An unsuccessful deep learning practice - wechat jump

Recently the micro channel jump jump small program fire, so the day before yesterday also updated the micro channel to play a few discs, at most manual to about 200 on the line.

Later, I planned to write an auxiliary tool with the code. I checked it on Github and found that someone had already made it. The project was launched on December 29th, 2017, and it earned 5K stars in less than 5 days.

Github.com/wangshub/we…

The idea is similar:

Debug mobile phone with ADB, get screenshots;
Identify the center position of the chess piece and the target block from the screenshot;
According to the distance calculation of long press time, coefficient and screen resolution related;
Use ADB to simulate long press to complete the jump.

Alas, what a pity, missed a good project.

Now that someone else has done it, try something different and solve it with deep learning.

The basic idea

The basic flow is similar, the only difference being how to get the center position of the piece and the target block.

If the long press time depends only on the horizontal position of the piece and the target block, then all you need to know is their horizontal coordinates.

It can be regarded as an object detection problem, and objects such as chess pieces in the screenshot can be detected. It is assumed that there are seven types of objects in total:

Chess, chess
Egg block: including sewage waste, Rubik’s Cube Magic, shop Shop, music box
Common blocks include rectangular blocks rect and circular blocks circle

Model implementation

I manually annotated 500 screenshots and based on the SSD_Mobilenet_v1_coco model and the TensorFlow object detection API, the trained model ran like this.

It can be seen that the chess pieces, Rubik’s cube, rectangular block and circular block in the screenshot are all detected, and each detection result includes three parts:

Object position, marked with rectangle, corresponding to the quad ymin, xmin, ymax, xmax;
Object category, one of the above seven categories;
The higher the detection confidence, the more certain the model is to the detection results.

It’s not just simple rule checking, but actually seeing how many objects are in the screenshot and what each object is.

So, all you need to do is extract the position of the chess piece from the detection result, and the position of the top non-chess object, the target block.
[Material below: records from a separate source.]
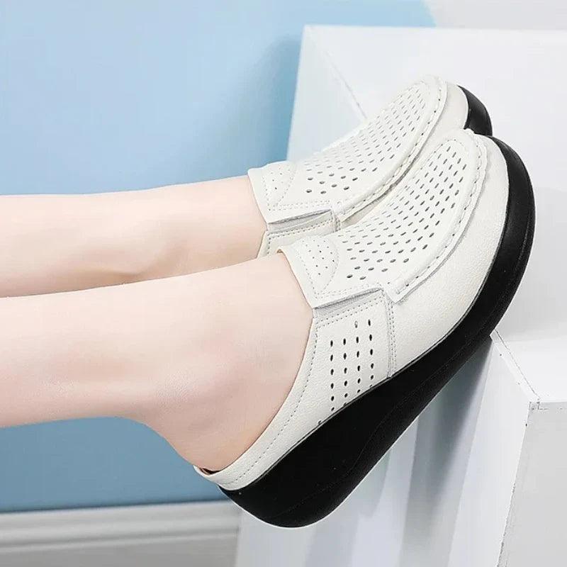 Offrez-vous un look estival chic et raffiné avec nos Mocassins Orthopédiques Femmes mules compensées ajourées. Conçus pour les journées ensoleillées, ces mocassins associent élégance et confort exceptionnel. Leur design mule permet une mise en place facile tout en offrant un ajustement optimal. Les détails ajourés apportent une touche de légèreté et de modernité, tandis que les compensés assurent une silhouette féminine et élancée. Idéals pour une journée en ville ou une escapade estivale, ces mocassins ajourés vous garantissent style et bien-être à chaque pas.
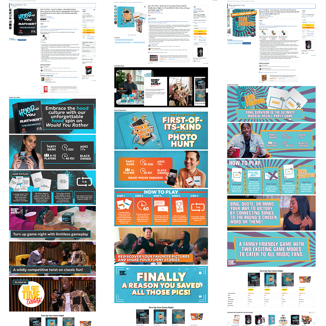 Also working with the team’s Amazon reps, I created all new storefront pages for all of Doin’ The Most’s game listings. This included their above the fold, product and A+ imagery and graphics.
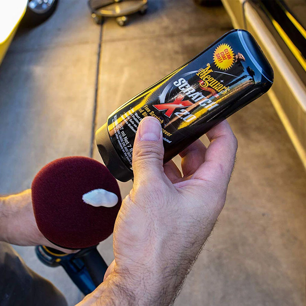 If you’re looking to remove scratches from car paintwork, Meguiar’s Scratch X 2.0 is the perfect solution for isolated fine scratches, swirls, scuffs, fingernail marks, paint transfer, oxidation and other superficial visual paint imperfections. Unlike many similar products that hide or fill the blemish or scratches on paintwork, the exclusive micro-abrasive technology in Meguiar’s Scratch X 2.0 removes blemishes, renews colour vibrancy, and delivers a brilliant gloss with no machine work required. Keep Scratch X close at hand for quick removal of isolated paint problems.
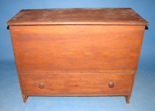 19TH CENTURY SOFTWOOD MULE CHEST WITH ONE DOVETAILED DRAWER. 31.5” H x 40.25” W x 20.75” D.
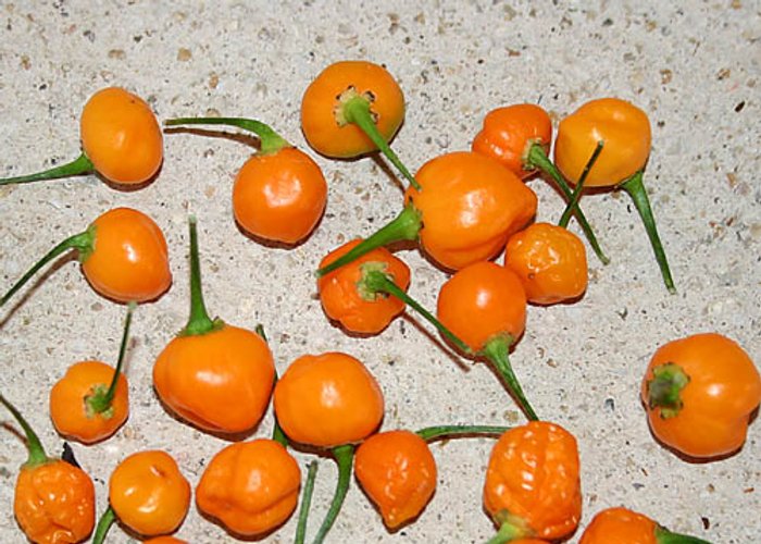 A chinense type. Ripens to red, habanero-type pods. Clocks in at 80,000–250,000 SHU — very hot, not for the faint of heart.
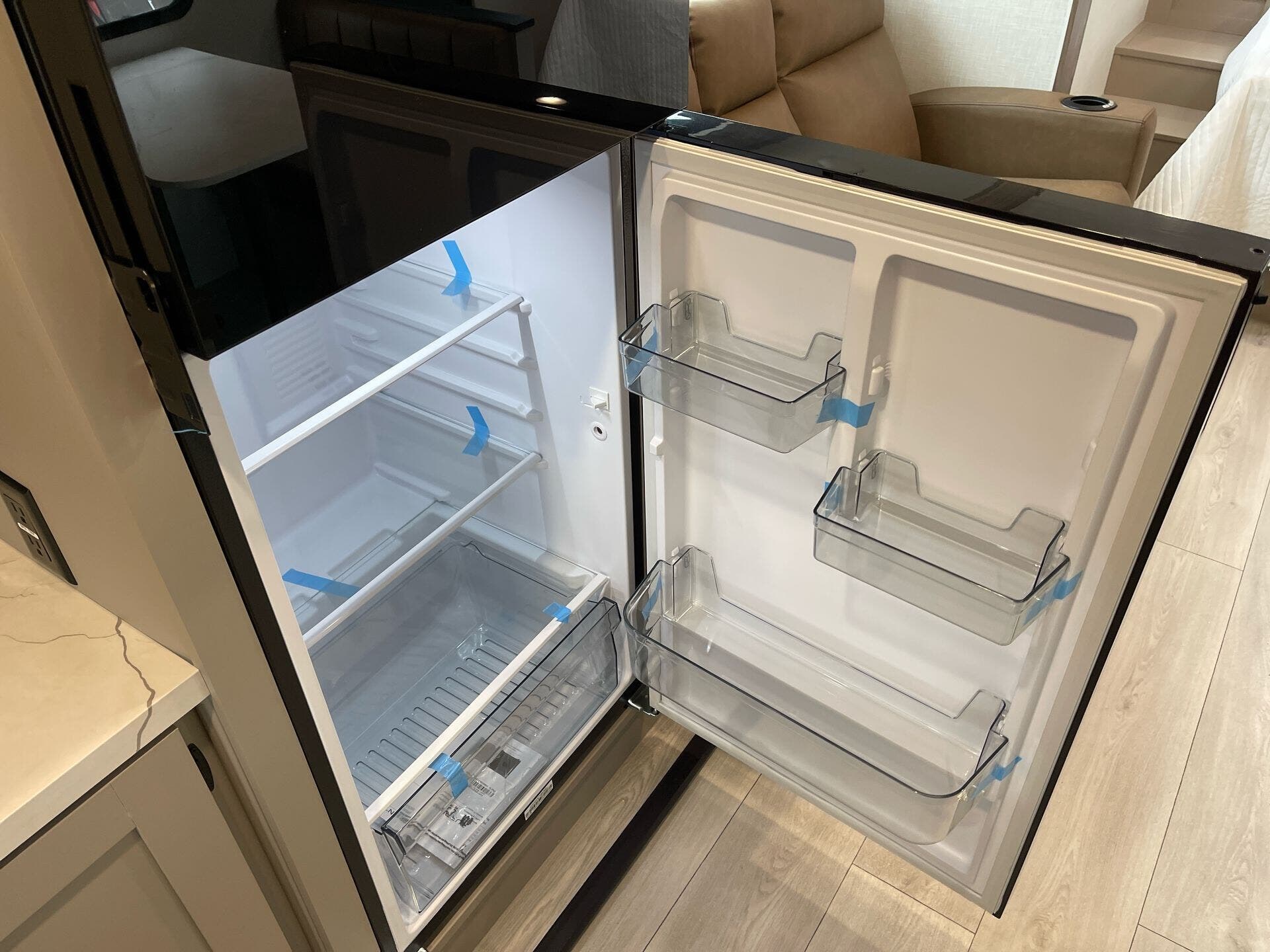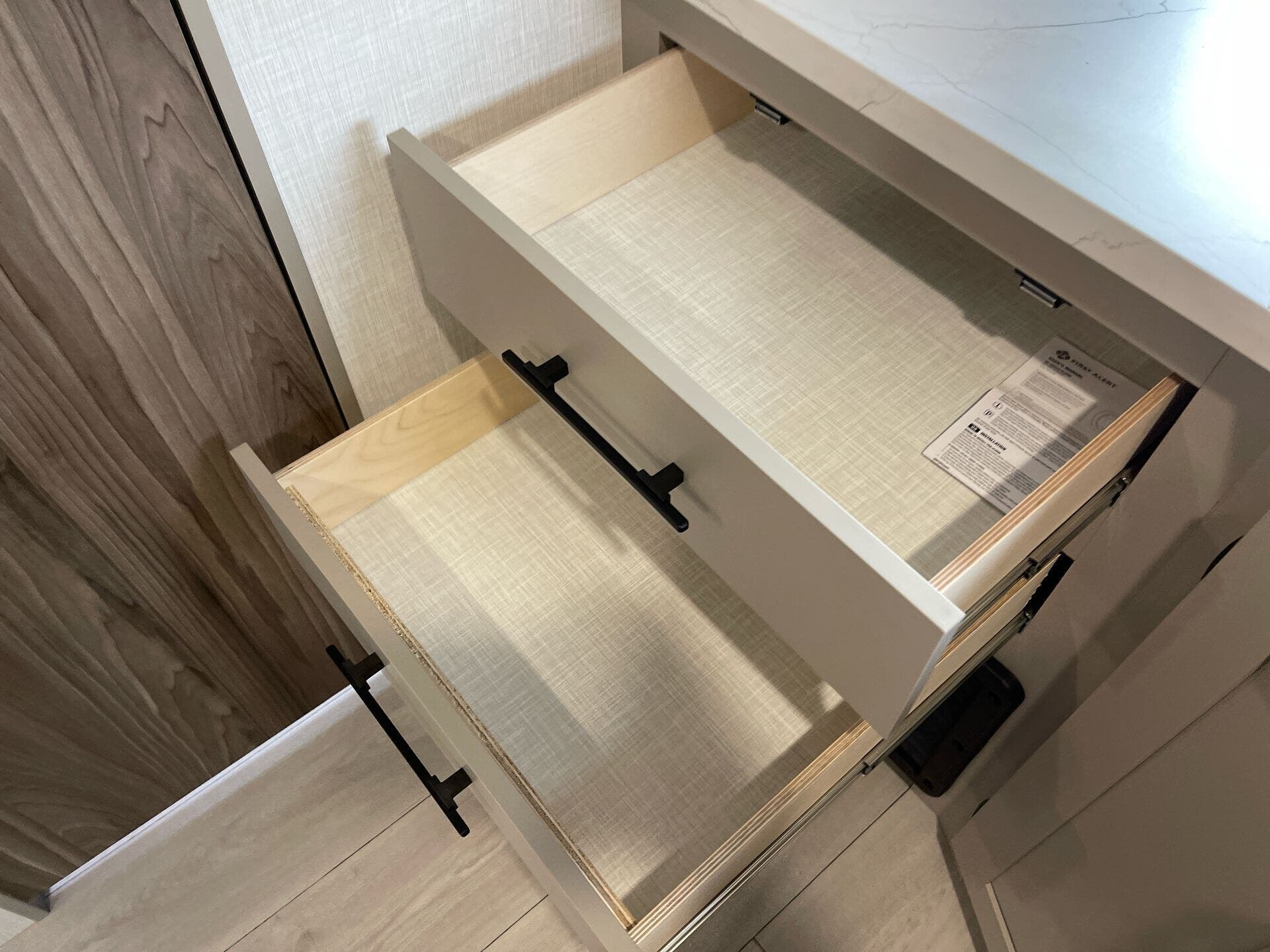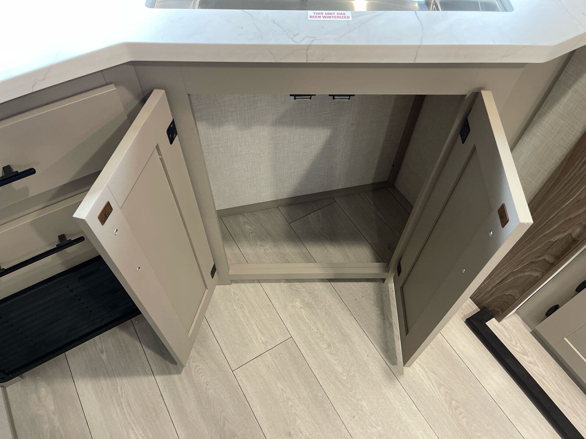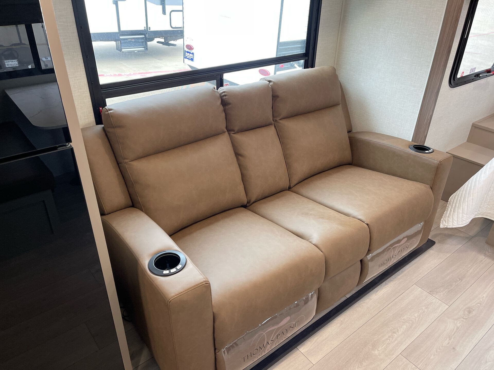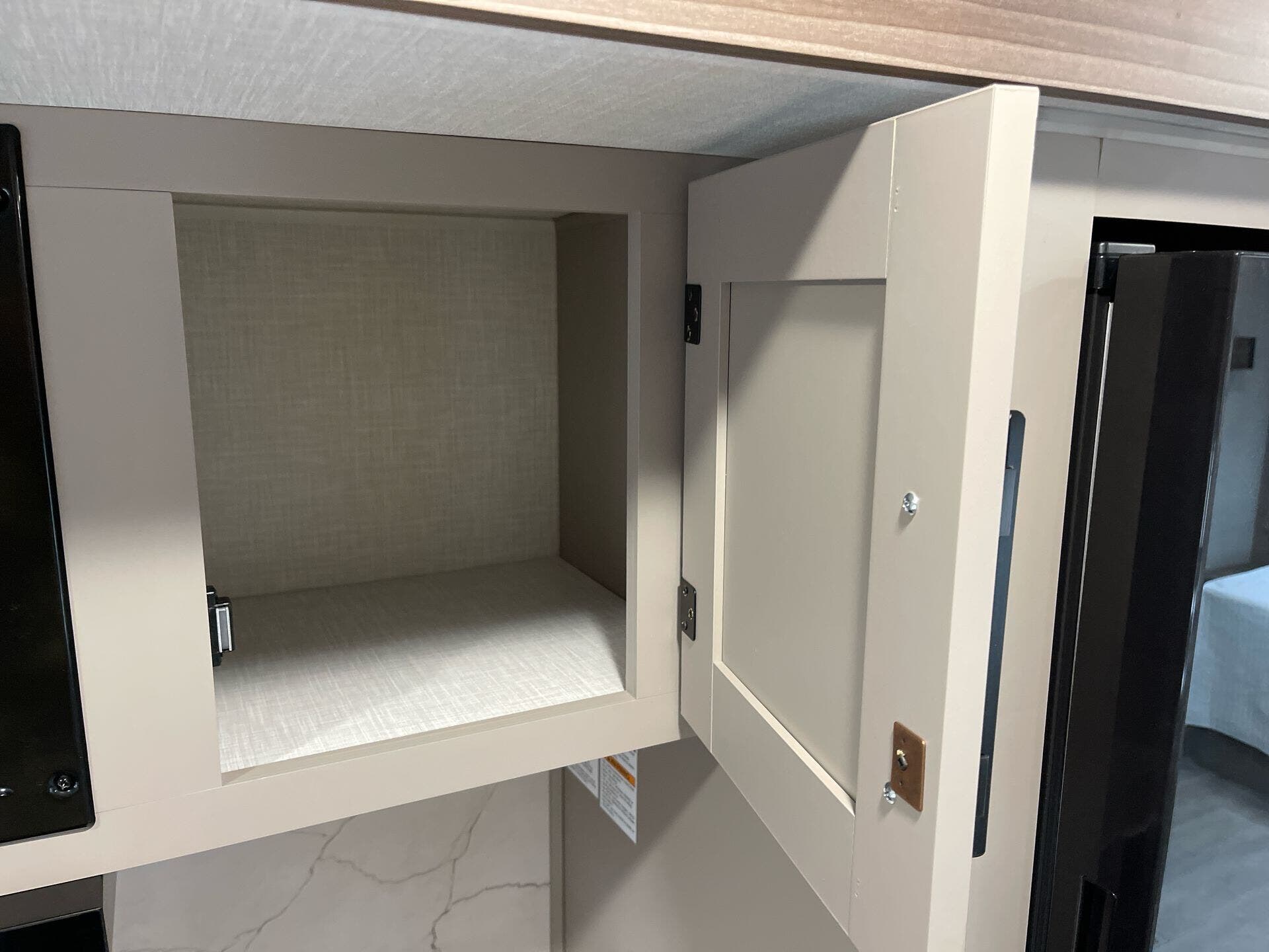 Inside, the 211MKSE offers a spacious rear kitchen layout featuring a 10 cu. ft. 12V refrigerator, three-burner cooktop, oven, microwave, and seamless countertops with a deep stainless steel sink. The slide-out houses a jackknife sofa and a booth dinette, both of which can convert into additional sleeping areas. The front bedroom includes a queen-size bed with dual wardrobes and overhead storage.

With the boundary outline of the object, the horizontal coordinates of the chess piece and the target block can be obtained by taking the midpoint, which is normalized, that is, the screen width is 1 and the distance is between 0 and 1. Then multiply the distance by a coefficient as long press time and simulate execution.

The results

It looks good, but what about the actual runs?
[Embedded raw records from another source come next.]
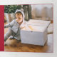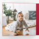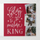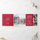 Add a total of six photos to this beautiful religious holiday photo card design in a unique trifold layout adorned with stars and featuring hand lettered typography. Front holds three square photos with "glory to the newborn king" in white hand lettered script typography on a festive red background. Personalise the inside with a custom pre-printed message or "year in review" update letter.
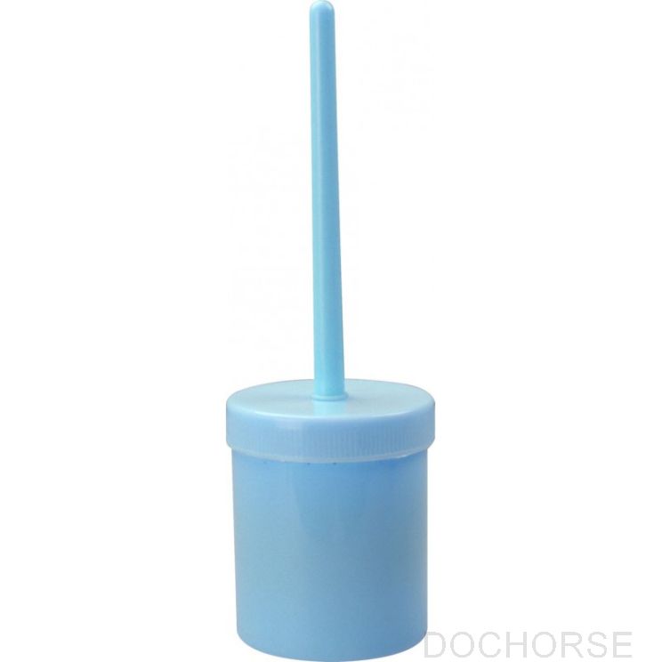 Hoefkwast van Hippotonic met zachte pvc-borstelharen in een kunststof doosje met draaideksel. Afmeting: Ø doosje 6 cm.
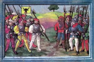 | Begrüssung des Urner Zuzuges vor Chur. Die Frühlingslandschaft täuscht: Der Winter 1498/99 bleibt lange als "harter Winter" in Erinnerung. |
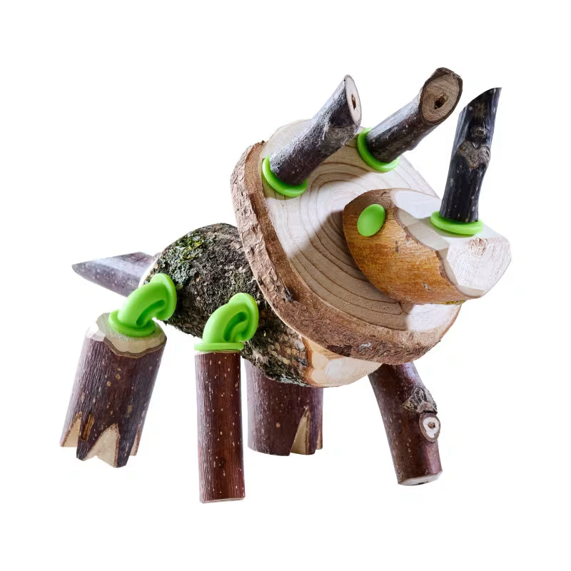 Create your own prehistoric creatures with the Terra Kids Dinosaur Construction Set from HABA! Using natural materials like sticks, leaves, feathers, and cork, children can drill, saw, and connect pieces to build movable dinosaur figures. The set includes a child-friendly hand drill, durable connectors, and instructions for making four dinosaurs, plus ideas for endless creative builds. A perfect hands-on activity that encourages creativity, imagination, and outdoor exploration.
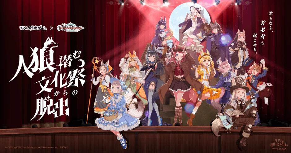 全世界で累計1,700万人以上を動員しているリアル脱出ゲームと、歌とダンスが上手くなるアイドル育成シミュレーション『学園アイドルマスター』がコラボレーションしたリアル脱出ゲーム『人狼潜む文化祭からの脱出』が好評開催中です。
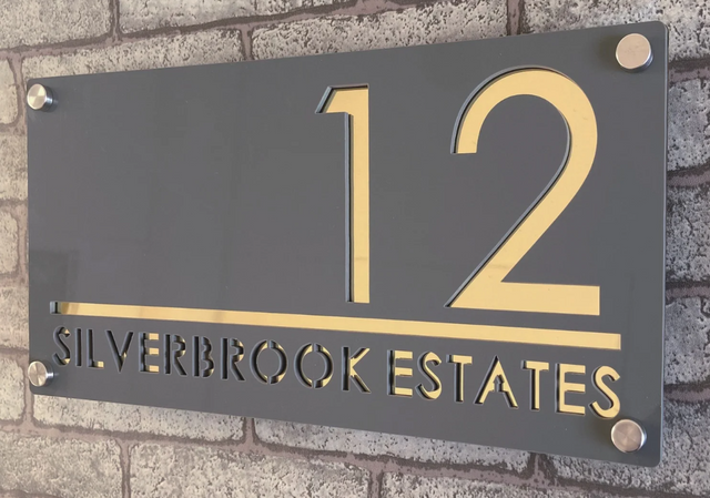 CUSTOM HOUSE SIGN NUMBER STREET SIGN GREY GOLD ACRYLIC ADDRESS DOOR WALL PLAQUE
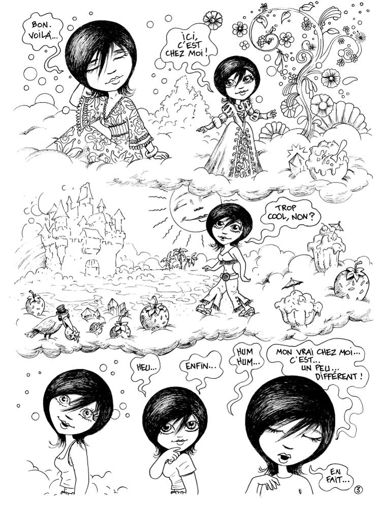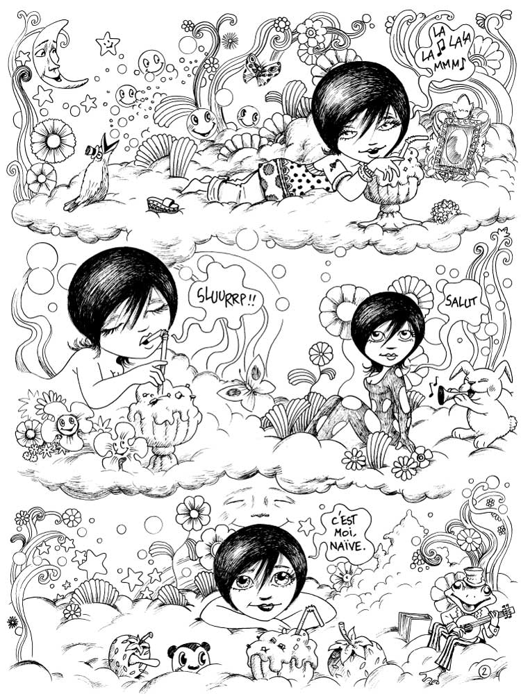 Dans la vie de Naïve, il y a aussi un univers merveilleux, ensoleillé, où elle croise sans interruption des milk-shakes et des coccinelles. Car la jeune fille a l’imagination fertile : une nécessité pour échapper parfois au cafard quotidien…

Probably a few hundred. What’s the problem?

The main reason is that the annotation data is too little and the model training is not enough, so the detection result is not accurate enough. Sometimes the chess pieces and target blocks cannot be detected, and once such problems occur, the score will inevitably be broken.

The following methods were tried: one screenshot was shifted in different directions to obtain nine screenshots, hoping to improve the recall rate of detection results. However, there were still cases that detection results could not be detected, and perhaps only more annotation data could solve this problem.

Rules of the test

After 20W rounds of model training, there is still a situation that can not be detected. I am so frustrated that I should write a simple version of code based on rules.
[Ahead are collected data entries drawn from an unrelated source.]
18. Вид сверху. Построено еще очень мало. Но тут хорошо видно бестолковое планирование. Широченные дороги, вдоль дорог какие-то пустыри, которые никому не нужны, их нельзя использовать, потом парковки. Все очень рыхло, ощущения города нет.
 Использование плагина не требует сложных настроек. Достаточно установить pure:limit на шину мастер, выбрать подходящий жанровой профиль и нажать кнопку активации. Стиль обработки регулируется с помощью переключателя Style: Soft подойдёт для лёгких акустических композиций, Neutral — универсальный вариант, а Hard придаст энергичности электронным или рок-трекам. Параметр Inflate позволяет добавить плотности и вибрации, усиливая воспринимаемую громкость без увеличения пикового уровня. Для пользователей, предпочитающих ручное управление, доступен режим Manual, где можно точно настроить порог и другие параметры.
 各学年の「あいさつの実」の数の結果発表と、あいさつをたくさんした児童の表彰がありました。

It took less than 20 minutes to write the code, extract the edges with OpenCV, and then detect the horizontal center positions of the pieces and the target blocks. The result looks like this.

As it turns out, the final score is much higher than the previous model…

What about deep learning?

conclusion

In the following situations, defining rules based on manual experience is much less effort and more effective than using deep learning training model:

The problem itself is relatively simple and does not require complex abstractions;
Annotation data is limited, so it is difficult to fully train the model.
The penalty for mistakes is high and there is no tolerance for mistakes. Even if the model works perfectly 99 percent of the time, a 1 percent error instantly ends the game, which is not as reliable as hard Code’s rules.

Of course, if we can work together to get more labeled data out, there may be some hope.

The code is on Github: github.com/Honlan/wech…

Anyway, I went on to score, and with less than a hundred lines of code…

mo4tech.com (Moment For Technology) is a global community with thousands techies from across the global hang out!Passionate technologists, be it gadget freaks, tech enthusiasts, coders, technopreneurs, or CIOs, you would find them all here.